Wiko (Mieczysław Cybulski) i Irena (Zofia Koreywo) |
Rudomska (Stanisława Wysocka) |
Zofia Koreywo |
Po pewnym czasie, piękną, rozkapryszoną dziewczynę zaczyna bardzo nudzić skromne życie u boku męża, który to wyrzekł się majątku i duma nie pozwala mu prosić matki o należne mu pieniądze. Wybucha wojna. On wyrusza na front, ona się bawi i pławi w luksusie, u boku innego. Wiko zostaje ranny, lecz trafia w dobre, troskliwe ręce, dzięki, którym wraca do życia. Owe ręce były mu przeznaczone od dawna, a on odtrącił je dla kobiety, która nie była tego warta. Czy swoim cierpieniem fizycznym i psychicznym, odkupi popełnione winy, czy zdoła naprawić to, co przed laty popsuł?

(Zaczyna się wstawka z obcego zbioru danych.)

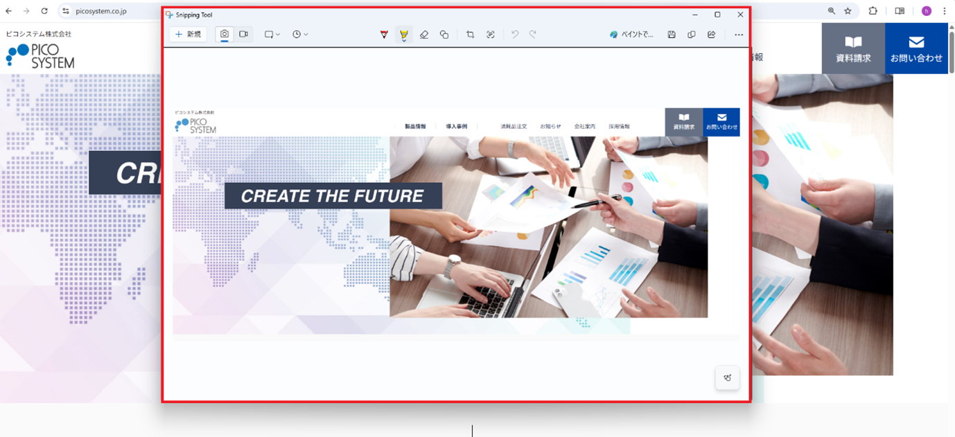 6.スクリーンショットがSnipping Toolに取り込まれたことを確認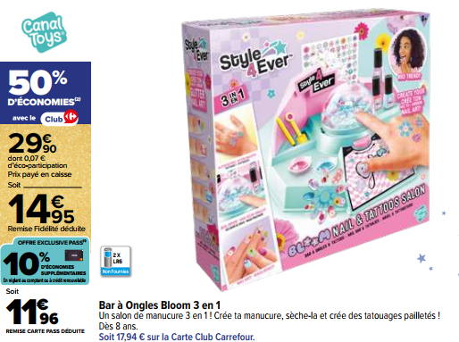 🧩 jouets à moitié prix, 💅 coffrets beauté bradés, 🍔 bouffe du quotidien en mode -50%, tondeuse pour barbe et 📱 des bonus à gratter dans l’appli !
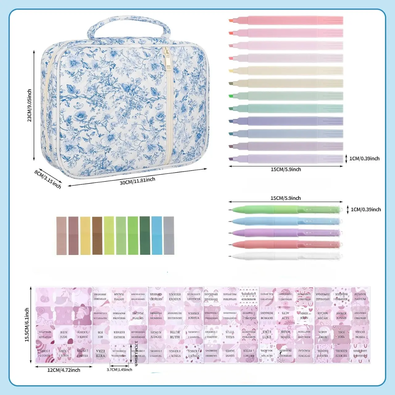 ·Complete Bible Study Set: This all-in-one Bible study kit includes a women’s Bible cover with a beautiful blue floral design, 5 ballpoint pens, 12 assorted color markers, 72 index tabs, and 200 sticky notes in 10 colors. The variety of writing tools allows for color-coded notes, while the tabs and sticky notes help you easily organize and highlight important passages.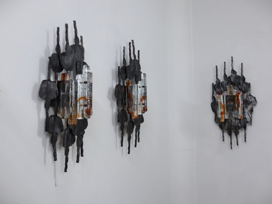 Ensemble de 3 appliques / lampes murales Brutalist en verre de Murano Italie 1970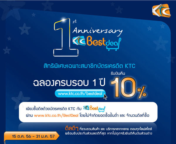 22 ต.ค. 56 2,015ฉลองครบรอบ 1 ปี Ktc Best deal ซื้อดีลด้วยบัตรเครดิต KTC รับเงินคืน 10%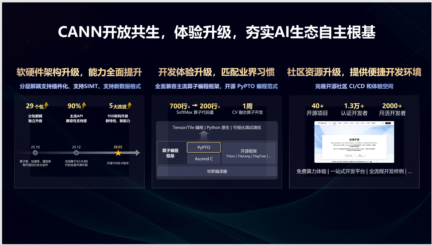身份转变的背后,是昇腾战略重心的迁移。过去半年多,昇腾其实只聚焦于两件事:升级开发体验,繁荣开源社区。而这所有动作的底座,都指向了那个曾被视作“黑盒”的核心软件——CANN。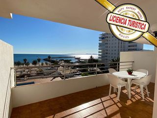 Primera línea de playa con bonitas vistas al mar: apartamento en perfecto estado con 1 dormitorio, terraza acristalada, comedor con sofá-cama, cocina equipada, baño con ducha. Acceso a la terraza también desde el dormitorio. Residencia a pie del paseo marítimo y la playa, con piscinas y jardín comunitarios. El apartamento dispone de licencia de alquiler turístico.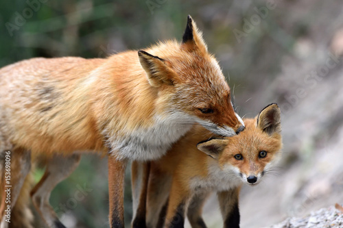 © mihiro_wildlife, Fototapeta premium キタキツネの親子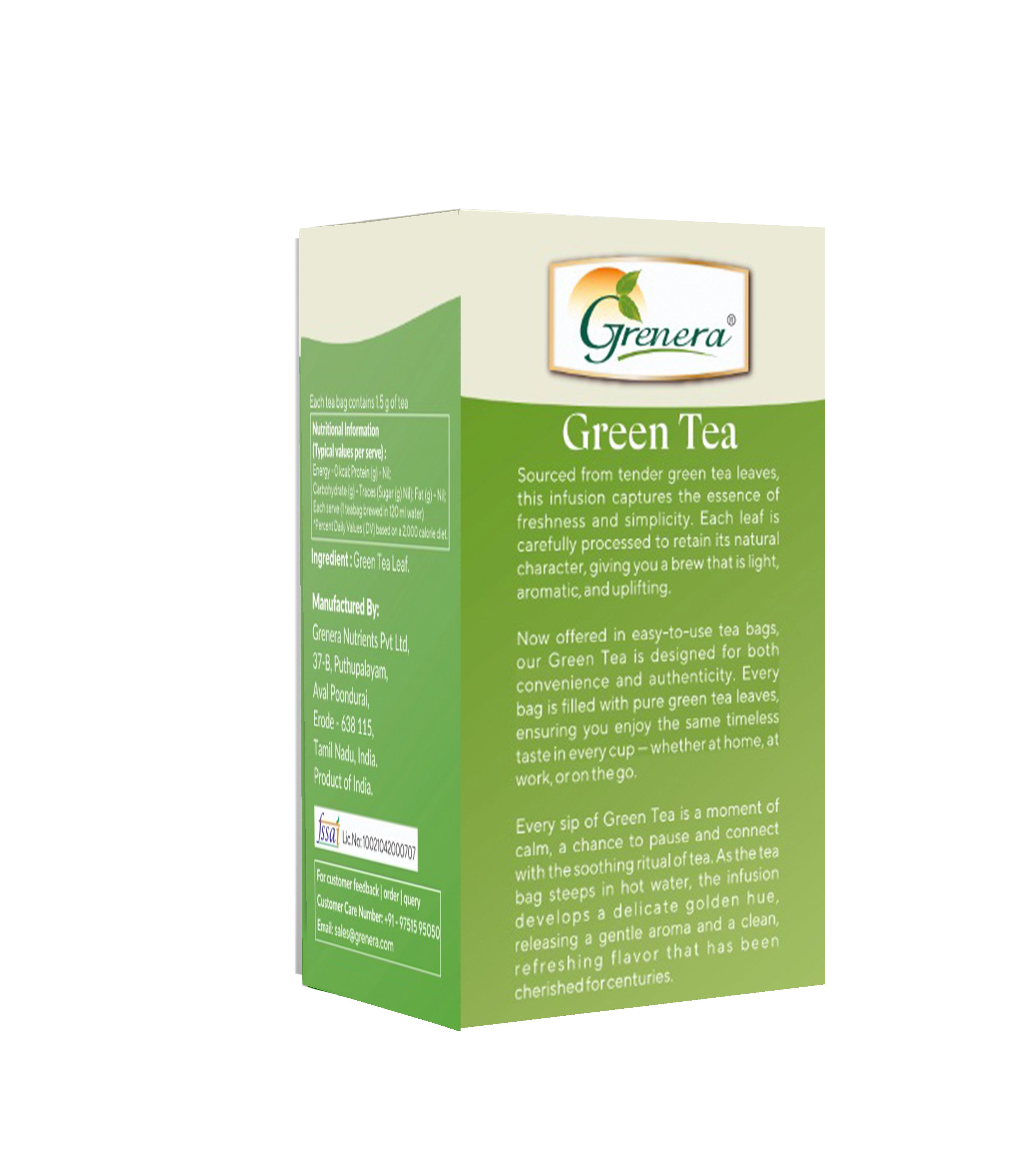Enjoy the clean, refreshing taste of green tea crafted for everyday routines. Grenera Organics Green Tea is made from carefully selected tea leaves, offering a light aroma and smooth flavor that fits perfectly into morning and evening moments.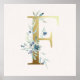 Mit Clear Image können Sie Ihren Hintergrund ändern, wenn Sie es wünschen. Ich habe einen eckigen Hintergrund für die Anzeige hochgeladen. Ein elegantes goldenes Alphabet mit traditioneller Schrift, die mit anmutigen aquamarinen und glänzenden blauen Aquarellfarben-Blume und Blätter geschmückt ist.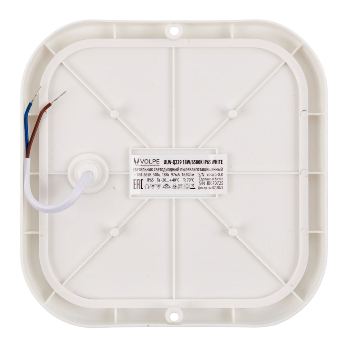 Накладной светильник влагозащищенный Volpe ULW-Q229 18W/6500K IP65 WHITE UL-00013191✖Добавить к сравнениюПерейти к сравнению
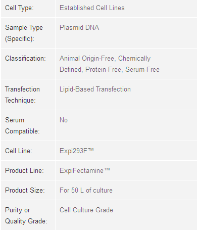 The ExpiFectamine™ 293 Transfection Kit is specifically designed to work with Expi293F™ cells in the Expi293™ Expression System. The transfection kit consists of the cationic lipid-based ExpiFectamine™ 293 Reagent and ExpiFectamine™ 293 Transfection Enhancers 1 and 2. The enhancers are added 16 to 18 hours post-transfection to boost transfection, cell viability, and protein expression. The protocol for use of ExpiFectamine™ 293 Transfection components is very similar to transfection protocols for other transient expression reagents, such as 293fectin™ and FreeStyle™ MAX.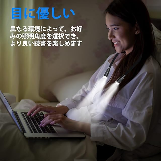 【フレキシブルアーム】ledネックライトは、アームの柔軟性が強くて、360度を調節可能、周り人の睡眠を妨げしません。左右のアームは約30㎝で、異なる環境によって、お好みの照明角度を選択できます。自由的に首、手腕、足などに曲げられできます。形崩れは心配しません。

Poniższe słowa, to moje dzisiejsze przemyślenia i wnioski, które wyciągnęłam, po obejrzeniu tego filmu:
Miłość towarzyszy człowiekowi zawsze, czy to do zwierzątka, do lasu, morza, ziemi- jednak największą miłością jest miłość do drugiego człowieka. Jeśli szczęśliwa, przyciąga szczęście również dla domowników. Jakże jednak nader często miłość bywa siłą niszczącą, siłą, która niczym rwąca, bezlitosna woda zmiata z powierzchni ziemi nasz dom, nasze marzenia i plany. Zakochany, pchany nieznaną siłą idzie niczym ćma za światłem i pozwala spalić się w jej ogniu. Nic, ani nikt nie jest w stanie go zatrzymać, tak być po prostu musi. Światło jest przecież potrzebne, by żyć. Co z tego, że czasem ślepo pędząc w jego kierunku, na końcu drogi okazuje się, że dalej nic już nie ma. Ogień spala zakochanego i tylko czysta woda jest w stanie ugasić ten płomień. Woda, która wcześniej zniszczyła wszystko, dla płonącego w ogniu, okazuje się tym razem ratunkiem. Ćma zamienia się w śnieżnobiałego motyla.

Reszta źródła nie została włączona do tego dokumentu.